This should output the rows in the users’ table.

To get the count of the users’ table as well, you can also run:

docker exec slack-db psql -U postgres -c "SELECT count(*) FROM public.users;"

Now that we have the data from the Slack workspace in our Postgres destination, we will head on to creating the Slack dashboard with Apache Superset.

Setting Up Apache Superset for the Dashboards

Installing Apache Superset

Apache Superset, or simply Superset, is a modern data exploration and visualization platform. To get started using it, we will be cloning the Superset repo. Navigate to a destination in your terminal where you want to clone the Superset repo to and run:

git clone https://github.com/apache/superset.git

It’s recommended to check out the latest branch of Superset, so run:

cd superset

And then run:

git checkout latest

Superset needs you to install and build its frontend dependencies and assets. So, we will start by installing the frontend dependencies:

npm install

Note: The above command assumes you have both Node and NPM installed on your machine.

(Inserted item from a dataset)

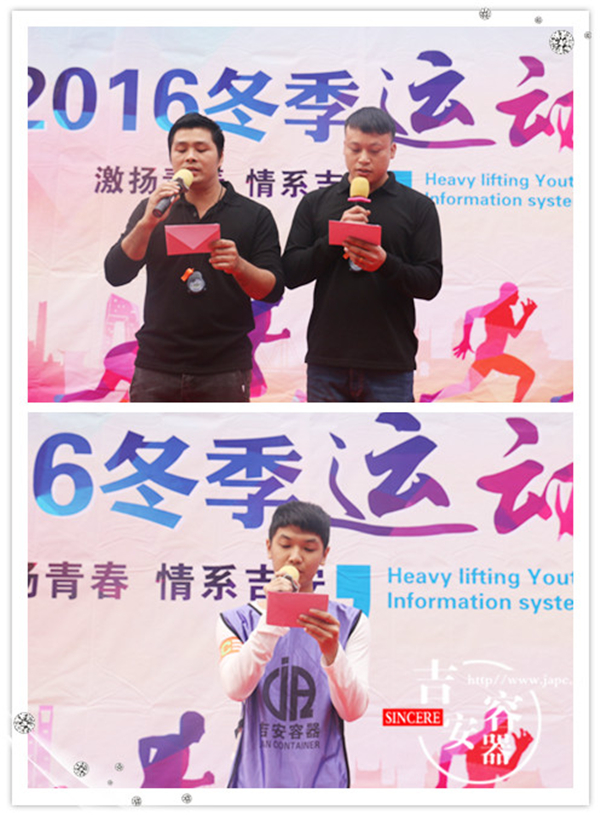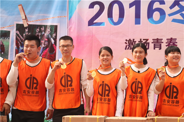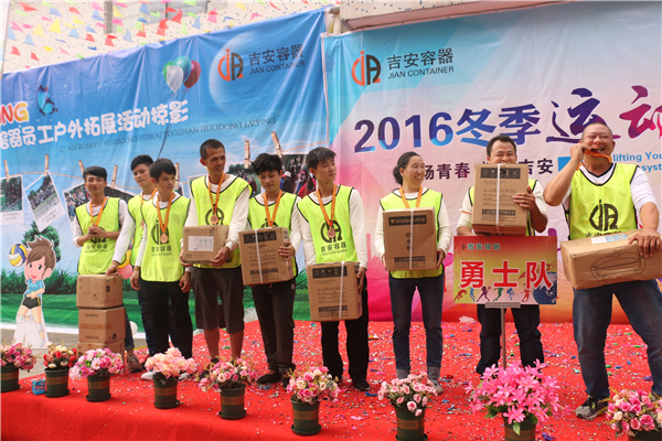 吉安容器2016年冬季運動會在快樂、勵志、緊張、激烈、溫馨、感動中圓滿落下帷幕,每個人都得到了不同的成長,有人說:我好久沒有這樣那么多人一起開心的玩了,有人說:剛才我疊罐子的時候把最后2個罐子放上去看到了萬眾期待的眼神,那一刻我的身上有了一種叫做責任的使命感,有人說:這是我來吉安容器參加的第一次團隊活動,我一開始是認為他應該是沉悶的,現在我發(fā)現它是“你開心就好”的一次活動,有人說:我今天得到了鍋具三件套,這幾年在公司參加的活動把家具都集齊了現在我就差個老婆了... ...我想,每個吉安人都有這樣的感覺吧,我們的每一次活動的目的,出發(fā)點都是快樂,每一個項目的設定,目的都是團結協作,共同進步,每次活動,我們從拼搏中感受團隊的力量,從失敗中感悟細節(jié)的重要,從成功的喜悅中明白原來只有真心付出,才能換來最后一刻的榮耀... ...我堅信,吉安容器在我們這支勇敢、團結、青春的隊伍的努力下,會走得更遠,發(fā)展的更快!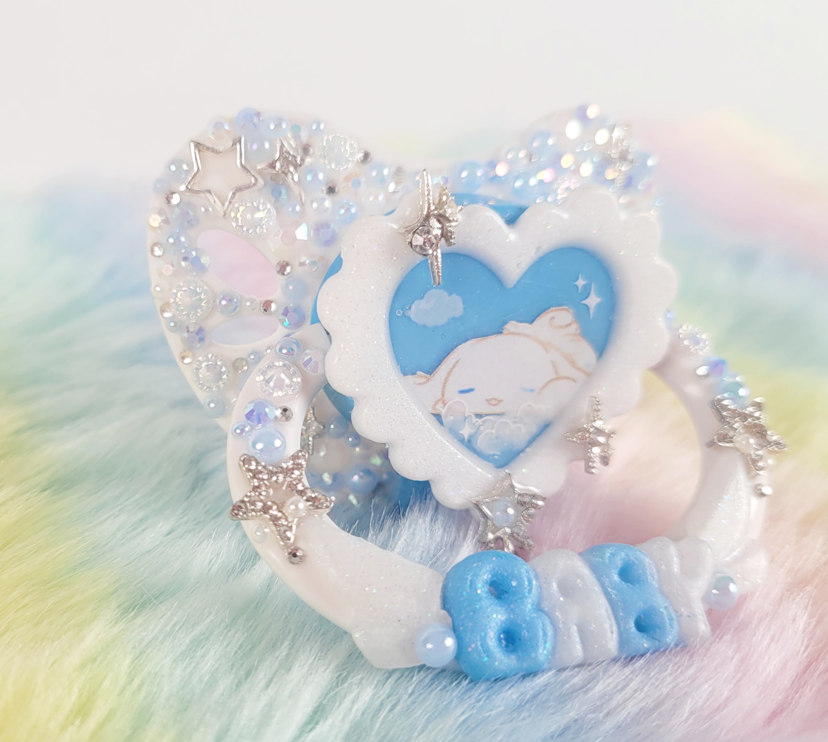 This pacifier features a large resin heart with the sleepy Cinnamoroll inside. And a decorated large adult guard with, resin pieces, gems, and mini faux pearls. To make it extra cute and sparkly!

Finally, for the frontend, we will build the assets by running:

npm run build

After that, go back up one directory into the Superset directory by running:

cd..

Then run:

docker-compose up

This will download the Docker images Superset needs and build containers and start services Superset needs to run locally on your machine.

Once that’s done, you should be able to access Superset on your browser by visiting http://localhost:8088, and you should be presented with the Superset login screen.

Enter username: admin and Password: admin to be taken to your Superset dashboard.

Great! You’ve got Superset set up. Now let’s tell Superset about our Postgres Database holding the Slack data from Airbyte.

Setting Up a Postgres Database in Superset

To do this, on the top menu in your Superset dashboard, hover on the Data dropdown and click on Databases.

Superset top navigation with the Data dropdown open and the Databases option highlighted

In the page that opens up, click on the + Database button in the top right corner.

Superset Databases list page with the + Database button in the top right corner
Then, you will be presented with a modal to add your Database Name and the connection URI.

Superset Add Database modal with fields for Database Name and SQLAlchemy connection URI
Let’s call our Database slack_db, and then add the following URI as the connection URI:

postgresql://postgres:password@docker.for.mac.localhost:2000/postgres

If you are on a Windows Machine, yours will be:

postgresql://postgres:password@docker.for.win.localhost:2000/postgres

Note: We are using docker.for.[mac|win].localhost in order to access the localhost of your machine, because using just localhost will point to the Docker container network and not your machine’s network.

Your Superset UI should look like this:

Superset Add Database modal filled in with the database named slack_db and the postgresql connection URI pointing to port 2000

We will need to enable some settings on this connection. Click on the SQL LAB SETTINGS and check the following boxes:

Superset SQL Lab Settings tab with the recommended checkboxes enabled for the slack_db connection
Afterwards, click on the ADD button, and you will see your database on the data page of Superset.

Superset Databases list page showing the newly added slack_db database entry

Importing our dataset

Now that you’ve added the database, you will need to hover over the data menu again; now click on Datasets.

Superset Data dropdown menu open with the Datasets option highlighted

Then, you will be taken to the datasets page:

Superset Datasets list page showing all available datasets before filtering by database

We want to only see the datasets that are in our slack_db database, so in the Database that is currently showing All, select slack_db and you will see that we don’t have any datasets at the moment.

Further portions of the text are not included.